ClearMaas speaks Kling natively for video generation. You submit a task,
poll the task ID for its status, and pick up the rendered MP4 once the
upstream finishes (typically 30 - 90 seconds).
This async submit-then-poll pattern is unique to video. Chat / images / TTS
all use synchronous request-response; Kling video does not.
Models
All models support text-to-video and image-to-video. Advanced features
vary:
| Model | Multi-source ref | 4K | Native audio | Multi-shot |
|---|
kling/kling-v2-master | | | | |
kling/kling-v2-1-master | | | | |
kling/kling-v2-5-turbo | | | | |
kling/kling-v2-6 | | | Pro mode | |
kling/kling-v3 | | Yes | Yes | Yes |
kling/kling-video-o1 | Yes (limited) | | | |
kling/kling-v3-omni | Yes (full) | Yes | Yes | Yes |
Multi-source reference = the image_list / video_list metadata
fields. Routes to Kling’s Omni-Video upstream endpoint when present.
kling/kling-video-o1 is a constrained subset (5s/10s only, no multi-shot,
no audio); pick kling/kling-v3-omni for the full Omni surface.
Native audio = Kling auto-generates a soundtrack matching the video.
Bills extra upstream. Toggle via metadata.sound: "on".

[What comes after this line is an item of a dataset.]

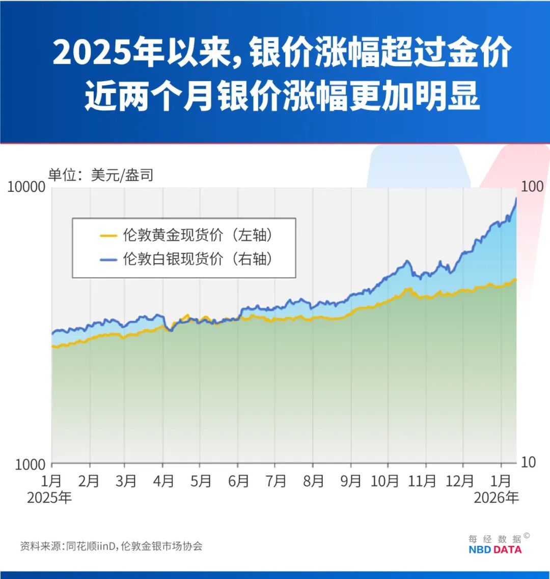 银价表现与金银比动态 - 2026年1月14日,伦敦银价突破90美元/盎司,创历史新高,伦敦金银比一度降至50.57,创13年新低[1] - 自2025年初至2026年1月,黄金与白银涨幅分别为75%和190%,白银涨幅是黄金的2.5倍,金银比从2025年最高点105腰斩至50附近[2] - 从2025年11月24日至2026年1月14日的50天内,伦敦银价从50.04美元/盎司上涨至91.10美元/盎司,涨幅达82.05%[3] 本轮金银比修复的异常特征 - 传统上金银比修复伴随美国制造业PMI回暖至荣枯线50%以上,但本轮修复时美国PMI在12月仍为47.9%,已连续10个月低于荣枯线[15] - 金银比与制造业PMI“脱轨”,表明本轮修复并非跟随传统的制造业周期逻辑[15] - 分析指出,美国制造业全球比重下降及话语权减弱,新兴市场力量及全球格局调整成为影响金银价格的新因素[17] 白银的战略属性与政策关注 - 白银在绿色能源转型和数字化转型中扮演“下一代金属”核心角色,因其拥有所有金属中最高的导电性,对太阳能、数据中心、电动汽车及AI集成电子产品至关重要[18] - 中国商务部文件将白银与钨、锑并列称为“稀有金属”,引发市场对出口管控升级的遐想,但业内人士认为相关措施是对过往管理的延续而非新增管制[18][19] - 分析认为,白银在光伏、新能源车及AI等产业中应用增加,使其战略价值凸显,产业端需求预期对市场影响可能更大[19] 库存变动与价格驱动逻辑 - 2025年,因关税预期引发全球“抢银大战”,导致伦敦金库白银库存骤减而COMEX库存飙升,随后套利活动使伦敦库存在10月份增加近1700吨[20] - 英国从2025年1月的白银净出口超2000吨,转变为11月的净进口1650吨[20] - 2022年全球白银需求量逼近4万吨,供给仅3.2万吨,供需缺口导致伦敦金库白银库存当年减少近1万吨[26] - 2025年伦敦金库白银库存最紧张时仅约2.2万吨,而全球最大白银ETF持仓量已超过1.6万吨[27] 供需基本面分析 - 供给端自2015年后转向刚性,近几年全球白银年供给量长期维持在30000~33000吨[26] - 需求端自2021年发生转折,因光伏产业等兴起出现供不应求并持续至今,2024年全球光伏用银达6146.05吨,较2022年增长约67%[26][33] - 2025年中国光伏电池产量已超过6亿千瓦,年产量或再创新高,可能进一步推高全球白银工业需求量[33] - 工业需求占白银总需求六成左右,光伏用银是近几年需求增长最大变量[33] 历史对比与市场展望 - 1970-1980年贵金属牛市中,银价涨幅是金价的1.13倍;2001-2011年牛市中为1.36倍;而2019年以来的本轮牛市中,银价涨幅是金价的1.89倍,远超前两轮[40] - 当前市场将行情与上世纪70年代类比,特征包括“滞胀”、逆全球化与美元信用危机[41][42] - 东吴期货预计当前银价运行区间可能维持在80~100美元/盎司[40] - 华泰期货研究院认为未来金银比大概率将脱离此前高位区间,在40~80的中枢范围内呈现震荡格局[40]

The submit endpoint is the same for all models —
POST /v1/video/generations. What changes is which metadata fields
the upstream honors per the table above.
Submit a task
Send a POST to /v1/video/generations with model, prompt, and any
upstream-specific parameters under metadata:
curl https://api.clearmaas.com/v1/video/generations \
-H "Authorization: Bearer sk-clearmaas-..." \
-H "Content-Type: application/json" \
-d '{
"model": "kling/kling-v3-omni",
"prompt": "cat playing piano in a sunny room",
"metadata": {
"mode": "std",
"aspect_ratio": "16:9",
"duration": "5"
}
}'
Response carries the task ID:
{
"id": "task_9q9oz6tjtgABYWC1QIqoz3sscgVz7ycw",
"task_id": "task_9q9oz6tjtgABYWC1QIqoz3sscgVz7ycw",
"object": "video",
"model": "kling/kling-v3-omni",
"status": "queued",
"progress": 0,
"created_at": 1777975188
}
POST returns lowercase status: "queued". GET returns a wrapped
envelope with uppercase status (SUBMITTED / IN_PROGRESS / SUCCESS /
FAILURE) — see Poll for results below.
These three apply to every endpoint variant:
| Field | Type | Notes |
|---|
mode | string | std (720P) / pro (1080P) / 4k. 4k only on kling/kling-v3 and kling/kling-v3-omni. Default is std for text/image-to-video, pro for Omni-Video. |
aspect_ratio | string | 16:9 / 9:16 / 1:1. Required on Omni-Video unless you supply a first-frame reference or video_list (in those cases it’s inferred from the input). |
duration | string | Length in seconds. Defaults to "5". kling/kling-v3-omni and kling/kling-v3 accept "3" through "15". v2 family (v2-master, v2-1-master, v2-5-turbo, v2-6) and kling/kling-video-o1 accept "5" or "10". |
These two work on text-to-video and image-to-video only (not Omni-Video):
| Field | Type | Notes |
|---|
negative_prompt | string | Things to avoid. Max 2500 chars. |
cfg_scale | float | Range [0, 1], default 0.5. Higher = stricter prompt adherence. Not supported on v2.x models (kling-v2-master / v2-1-master / v2-5-turbo / v2-6). |
Poll for results
Use the task ID returned at submit time:
curl https://api.clearmaas.com/v1/video/generations/task_9q9oz6tjtgABYWC1QIqoz3sscgVz7ycw \
-H "Authorization: Bearer sk-clearmaas-..."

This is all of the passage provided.